Government must uphold ban on bee-harming pesticides

Ministers must stand up to intense lobbying from the pesticide industry by refusing to allow a banned bee-harming pesticide to be sprayed on Britain’s crops, the Soil Association has said in in a letter to David Cameron today (Tuesday 1 July).

David Cameron and his Cabinet colleagues are expected to decide later today whether or not to agree to an ‘emergency’ exemption for one of the banned chemicals, which has been applied for by its manufacturer Syngenta.

The pesticide was one of three neonicotinoids given a two-year EU ban last year after a review of all of the scientific research linked them to damaging bee health.
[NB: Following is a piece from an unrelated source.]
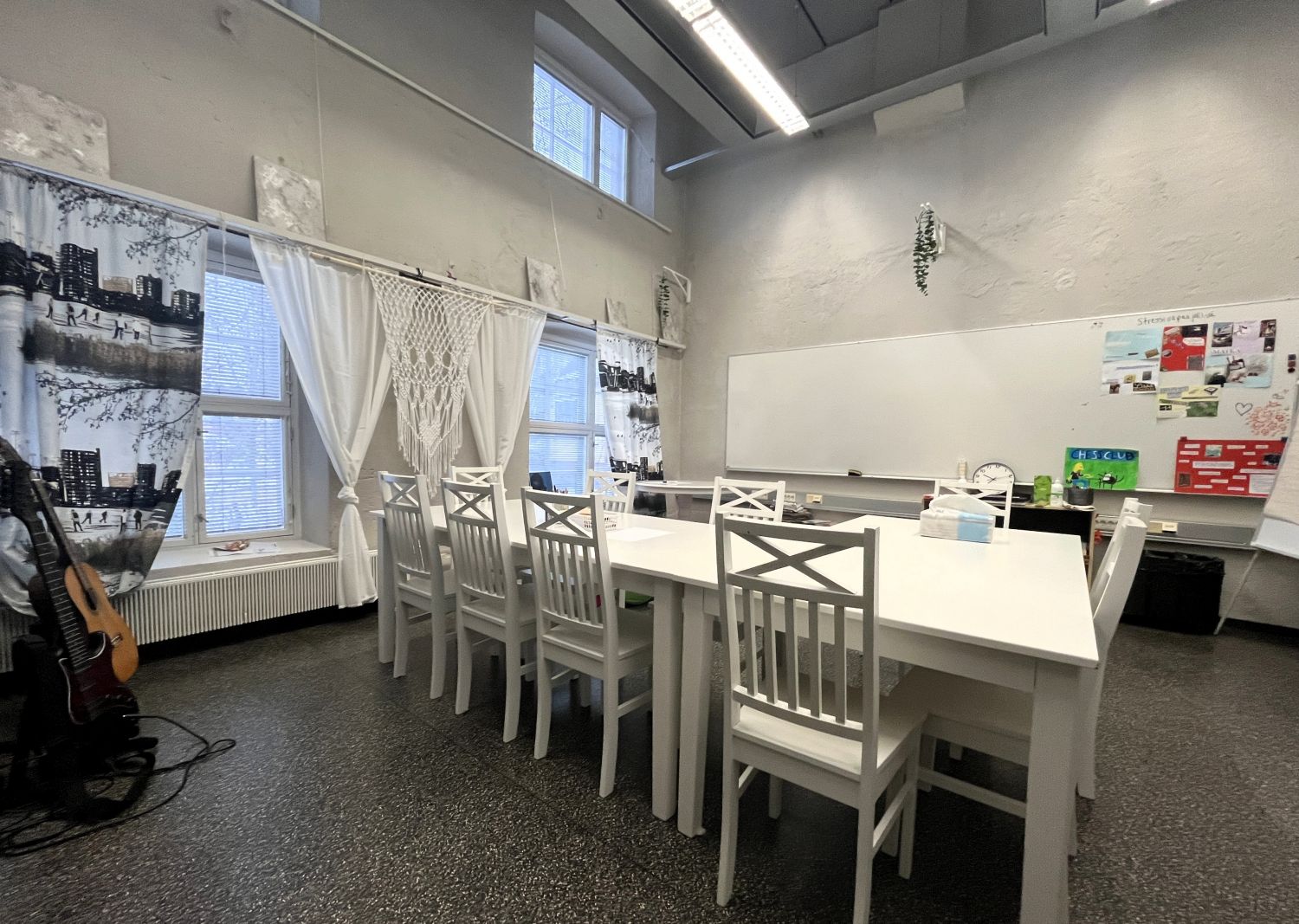 Tilassa on erikokoisia työ- ja tiimihuoneita sekä avara kokoontumis-, avokonttori- tai taukotila keskellä

In the letter The Bee Coalition, which includes the Soil Association alongside Buglife, Client Earth, the Environmental Justice Foundation, Friends of the Earth, the Pesticide Action Network UK and the RSPB, said that there is no justification for Syngenta’s request and called on the Department for Environment Food & Rural Affairs (Defra) to reject it.

Syngenta has asked to be allowed to use one of its currently banned neonicotinoid pesticides on 186,000 hectares of oil seed rape in the UK. The Bee Coalition regards Syngenta’s request as a deliberate and unjustified attempt to undermine the EC’s temporary restriction and it should be rejected.


“If the UK Government permits this derogation it will be ignoring the strong and quickly growing body of scientific evidence which points to the damaging impact of neonicotinoid pesticides on pollinating insects, including bumblebees and honey bees,” says the Soil Association’s Emma Hockridge. “Saving the bee is something the UK public rightly feel very strongly about. There are a range of methods which farmers can use which do not require the use of neonicotinoid pesticides. Organic farmers use a system of production which has strong benefits for pollinator populations – a recent meta-analysis from Oxford University showed on average, non-organic farms have 48% more species of pollinators than non-organic farms.”